__TASK TO COMPLETE__
Please return each of the entries exactly, minus their pictures.

Segment Start: DATA FOR THIS TASK

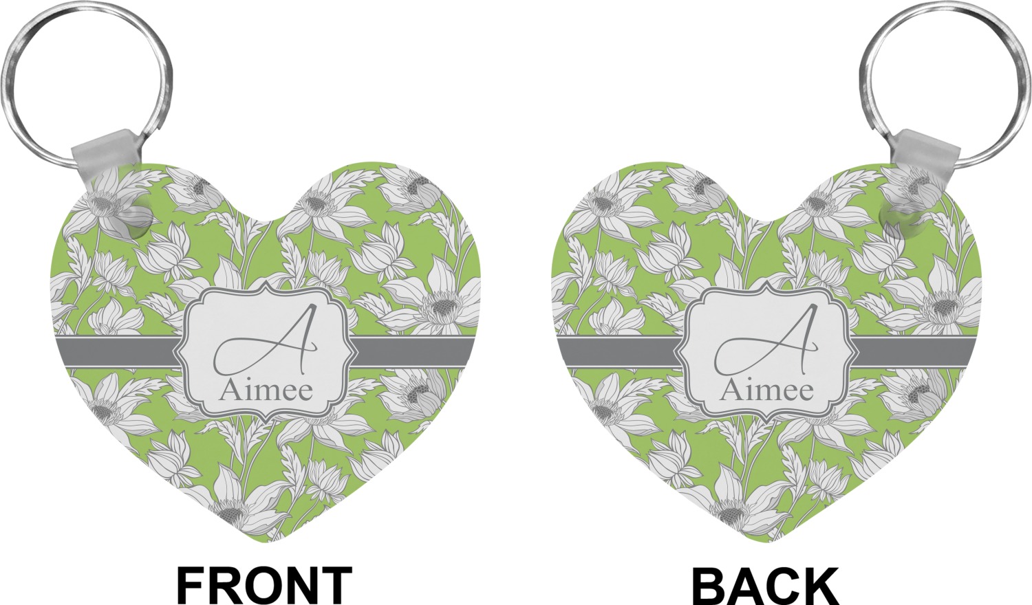 Our personalized keychains attach to the included metal, split key ring with a plastic, removable snap. Since a metal ring is included with your purchase, you have the liberty to keep your keys together on the ring, with or without your unique keychain. We offer this keychain in three different shapes: circle, heart, or diamond. We print your personalized design(s) on both sides of the key chain, and the surface has a glossy, reflective finish that only emphasizes your design. Each keychain is approximately 2.25 by 2.25 inches.
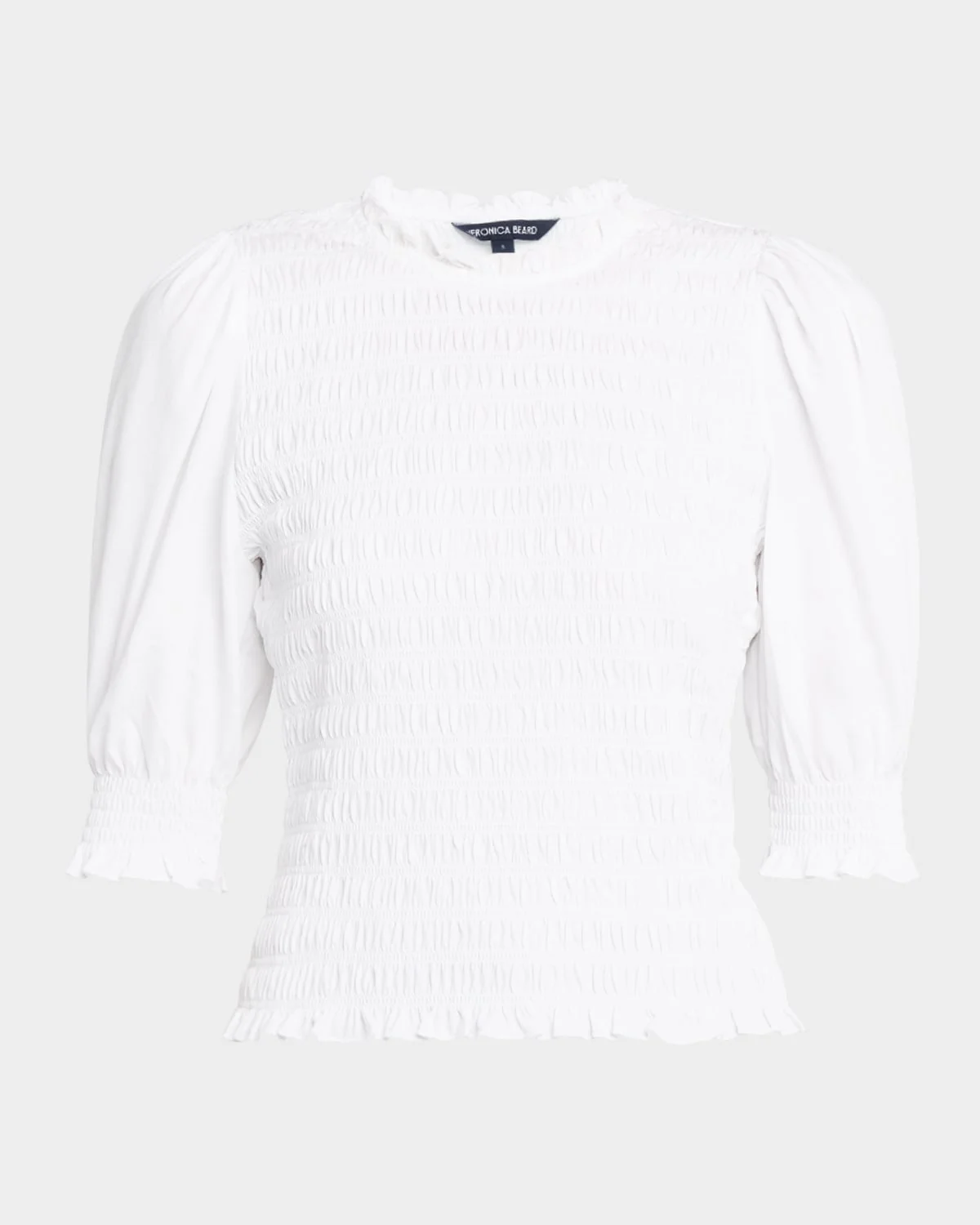 Veronica Beard Jeans "Langston" smocked top with short puffed sleeves Crew neckline Fitted silhouette Hem sits at the hip Pullover style Cotton Machine wash cold Imported
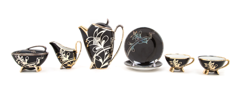 a coffee service, comprising a coffee pot, creamer, sugar dish and two cups with saucers
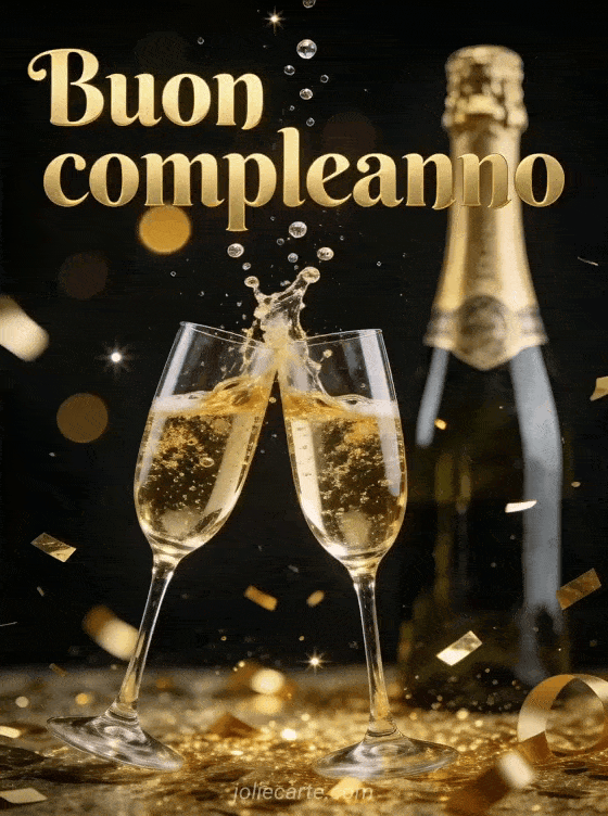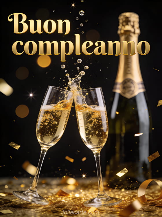 Invia questo elegante biglietto di buon compleanno per uomo con lettere dorate e bollicine di champagne, due calici di cristallo che brindano con schizzi dorati, una bottiglia vintage sullo sfondo e coriandoli dorati che cadono su uno sfondo nero profondo. Scopri anche un biglietto animato di compleanno per uomo o un biglietto di compleanno per uomo.
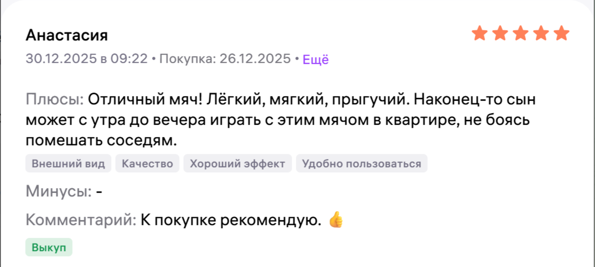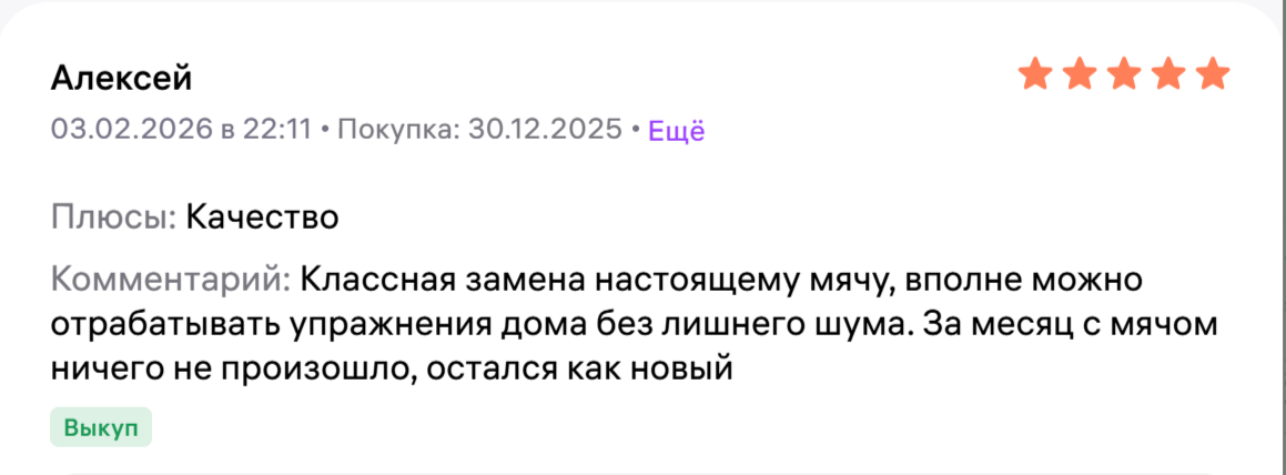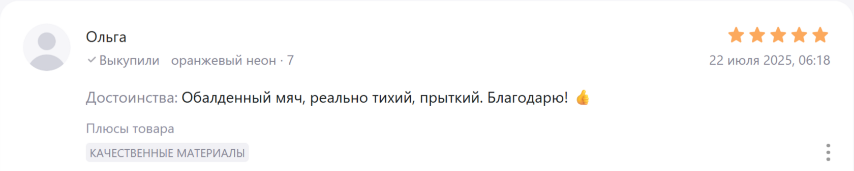 У них один слой, который крошится со временем. У тихих мячей GO&PLAY — двухслойная конструкция: прочный чехол снаружи и упругая основа внутри. Он служит в разы дольше.
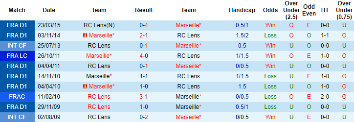 Lens được coi là đối thủ yêu thích của Marseille. Trong vòng 5 trận đối đầu Lens gần đây, Marseille toàn thắng, ghi 11 bàn và chỉ 1 lần để thủng lưới. Lần tái đấu sắp tới được chơi trên sân nhà nên về lý thuyết, Marseille càng hứa hẹn hơn vào khả năng giành chiến thắng.
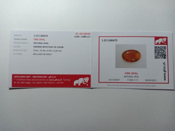 Colore: arancio, con gioco di colori - 1.22 carati - Provenienza: Etiopia - Forma: ovale - Misure: 10.06 x 6.99 x 4.28 mm - Taglio: brillante & fantasia - con certificato GFCO (Laboratorio svizzero) numero AD13856P
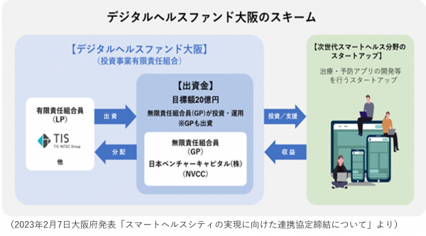 TISインテックグループのTIS株式会社(本社:東京都新宿区、代表取締役社長:岡本 安史、以下:TIS)は、日本ベンチャーキャピタル株式会社(本社:東京都千代田区、代表取締役社長:多賀谷 実、以下:NVCC)の運営するファンド「デジタルヘルスファンド大阪」へLP(Limited Partner:有限責任組合員)※1 として出資したことを2023年5月29日に発表しました。
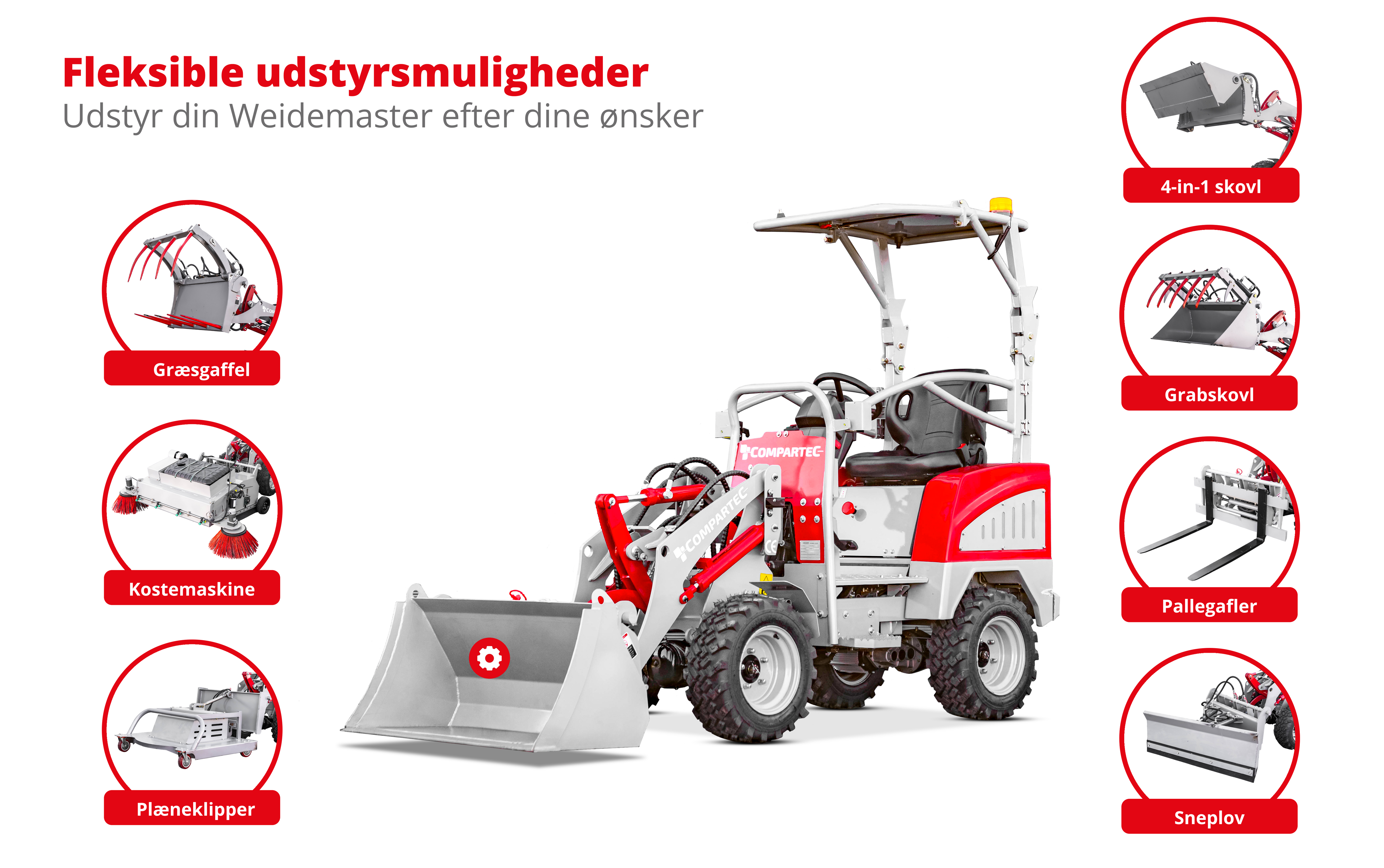 Weidemaster leveres med en standard skovl. Der er mulighed for tilkøb af øvrige redskaber - se disse under "Tilbehør til Weidemaster" i vores webshop.
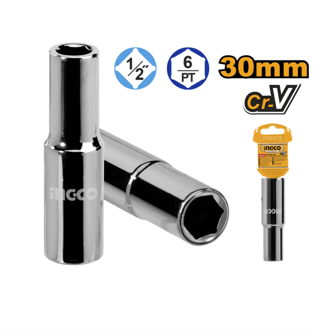 INGCO HHAST12303L INDUSTRIAL 1/2" 30 mm uzaldylan alty burçly torsewoý golowkasy, rezbaly birikmeleri gurnamak ýa-da sökmek üçin priwodlar we uzaldyjylar bilen bilelikde ulanylýar. Golowkanyň ölçegi: 30 mm Hwostowigi: 1/2" Materialy — nikel bilen örtülen hrom-wanadiý polady (50BV30) Agramy: Brutto - 0,41 kg. Gaplanan harydyň ölçegleri: Uzynlygy - 15 sm, Ini - 5 sm, Boýy - 3 sm
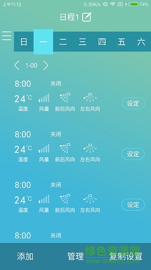 5、支持管理設(shè)定的日程,包括添加、復(fù)制設(shè)置、刪除設(shè)置等,設(shè)備自動按照設(shè)置的日程進(jìn)行運行;
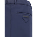 Prada’s Jersey Pants combine comfort and style with an elasticized waistband and belt loops at the waist. They feature two side welt pockets and two on the back, enhanced by the triangular patch and iconic logo sewn on the back. The style tapers at the bottom, adding a modern detail to the silhouette.
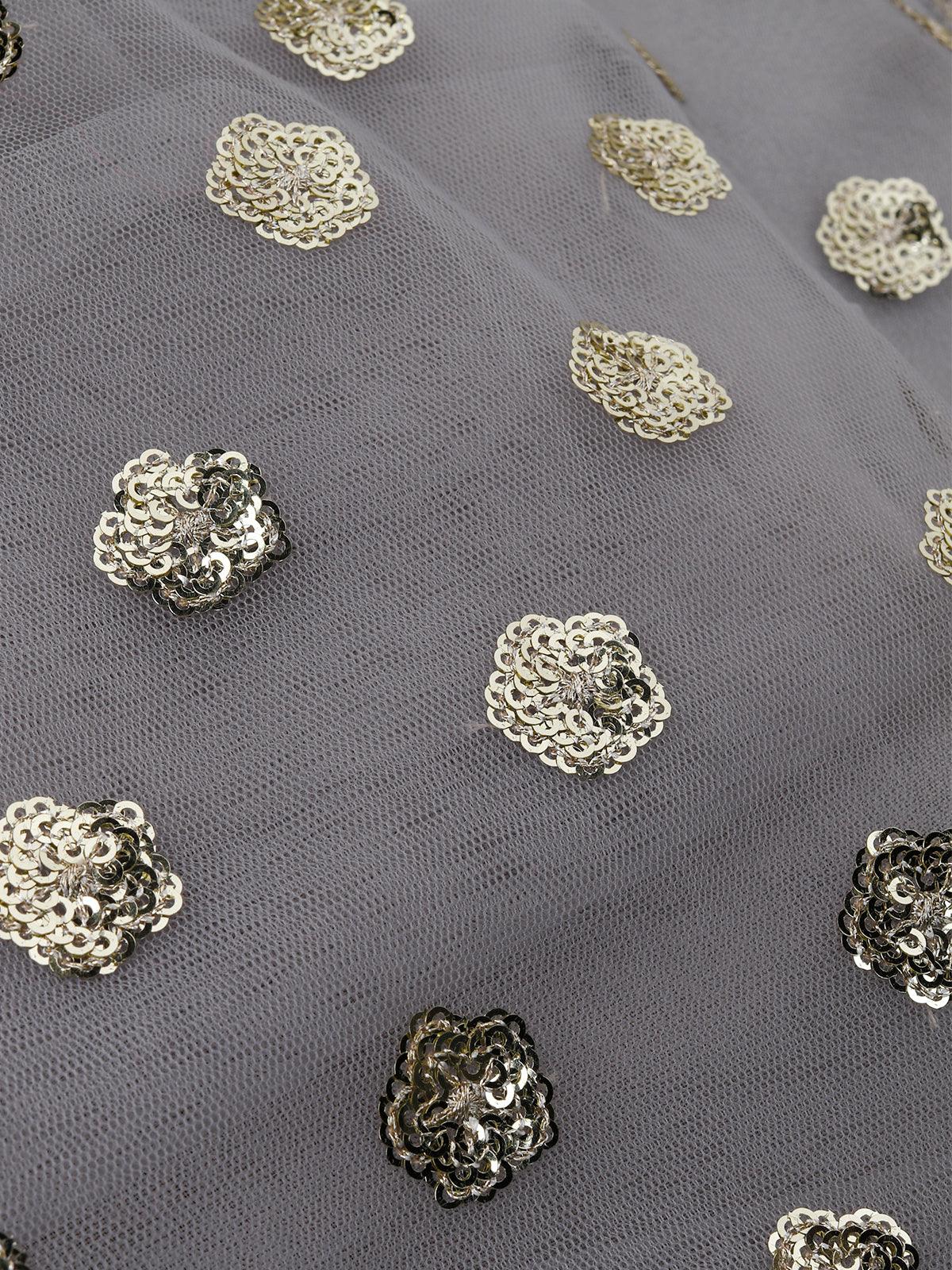A modern-day fairytale look, this Soft Net Lehenga features Grey Sequins Embroidery Work. paired with a matching unstitched blouse, it comes with an embroidered dupatta.

Segment End: DATA FOR THIS TASK

__SOLUTION TO THE EXERCISE__
 Our personalized keychains attach to the included metal, split key ring with a plastic, removable snap. Since a metal ring is included with your purchase, you have the liberty to keep your keys together on the ring, with or without your unique keychain. We offer this keychain in three different shapes: circle, heart, or diamond. We print your personalized design(s) on both sides of the key chain, and the surface has a glossy, reflective finish that only emphasizes your design. Each keychain is approximately 2.25 by 2.25 inches.
 Veronica Beard Jeans "Langston" smocked top with short puffed sleeves Crew neckline Fitted silhouette Hem sits at the hip Pullover style Cotton Machine wash cold Imported
 a coffee service, comprising a coffee pot, creamer, sugar dish and two cups with saucers
 Invia questo elegante biglietto di buon compleanno per uomo con lettere dorate e bollicine di champagne, due calici di cristallo che brindano con schizzi dorati, una bottiglia vintage sullo sfondo e coriandoli dorati che cadono su uno sfondo nero profondo. Scopri anche un biglietto animato di compleanno per uomo o un biglietto di compleanno per uomo.
 У них один слой, который крошится со временем. У тихих мячей GO&PLAY — двухслойная конструкция: прочный чехол снаружи и упругая основа внутри. Он служит в разы дольше.
 Lens được coi là đối thủ yêu thích của Marseille. Trong vòng 5 trận đối đầu Lens gần đây, Marseille toàn thắng, ghi 11 bàn và chỉ 1 lần để thủng lưới. Lần tái đấu sắp tới được chơi trên sân nhà nên về lý thuyết, Marseille càng hứa hẹn hơn vào khả năng giành chiến thắng.
 Colore: arancio, con gioco di colori - 1.22 carati - Provenienza: Etiopia - Forma: ovale - Misure: 10.06 x 6.99 x 4.28 mm - Taglio: brillante & fantasia - con certificato GFCO (Laboratorio svizzero) numero AD13856P
 TISインテックグループのTIS株式会社(本社:東京都新宿区、代表取締役社長:岡本 安史、以下:TIS)は、日本ベンチャーキャピタル株式会社(本社:東京都千代田区、代表取締役社長:多賀谷 実、以下:NVCC)の運営するファンド「デジタルヘルスファンド大阪」へLP(Limited Partner:有限責任組合員)※1 として出資したことを2023年5月29日に発表しました。
 Weidemaster leveres med en standard skovl. Der er mulighed for tilkøb af øvrige redskaber - se disse under "Tilbehør til Weidemaster" i vores webshop.
 INGCO HHAST12303L INDUSTRIAL 1/2" 30 mm uzaldylan alty burçly torsewoý golowkasy, rezbaly birikmeleri gurnamak ýa-da sökmek üçin priwodlar we uzaldyjylar bilen bilelikde ulanylýar. Golowkanyň ölçegi: 30 mm Hwostowigi: 1/2" Materialy — nikel bilen örtülen hrom-wanadiý polady (50BV30) Agramy: Brutto - 0,41 kg. Gaplanan harydyň ölçegleri: Uzynlygy - 15 sm, Ini - 5 sm, Boýy - 3 sm
 5、支持管理設(shè)定的日程,包括添加、復(fù)制設(shè)置、刪除設(shè)置等,設(shè)備自動按照設(shè)置的日程進(jìn)行運行;
 Prada’s Jersey Pants combine comfort and style with an elasticized waistband and belt loops at the waist. They feature two side welt pockets and two on the back, enhanced by the triangular patch and iconic logo sewn on the back. The style tapers at the bottom, adding a modern detail to the silhouette.
A modern-day fairytale look, this Soft Net Lehenga features Grey Sequins Embroidery Work. paired with a matching unstitched blouse, it comes with an embroidered dupatta.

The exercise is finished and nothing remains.